§ **Exercise goal**:
From the listing below, return every line with the string "Congressman" in it.
- - -
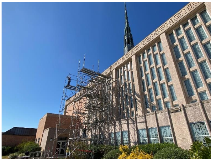
Photo09: Scaffolding Being Assembled
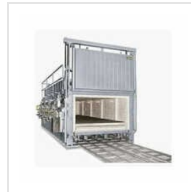
Bogie Hearth Furnaces
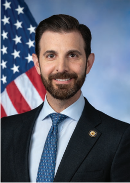
Congressman Chris Deluzio Pennsylvania's 17th Congressional District

I'm Congressman Chris Deluzio, and I represent a great Western Pennsylvania district and serve on the House Armed Services Committee down in Washington. It is my honor to help kick off the Opening Reception at the 2026 Showcase for Commerce and help welcome everyone to this storied event.
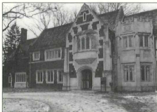
Franciscan Wholistic Health Center
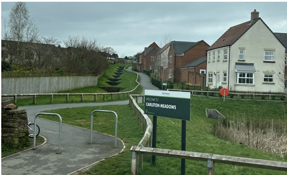
The stepped drainage channel in the centre of the photo becomes a water feature that slows down the flow of runoff in wet weather. It drains into the retention pond in the bottom right-hand corner. Penrith.
- - -
§ **Solution**:
Congressman Chris Deluzio Pennsylvania's 17th Congressional District
I'm Congressman Chris Deluzio, and I represent a great Western Pennsylvania district and serve on the House Armed Services Committee down in Washington. It is my honor to help kick off the Opening Reception at the 2026 Showcase for Commerce and help welcome everyone to this storied event.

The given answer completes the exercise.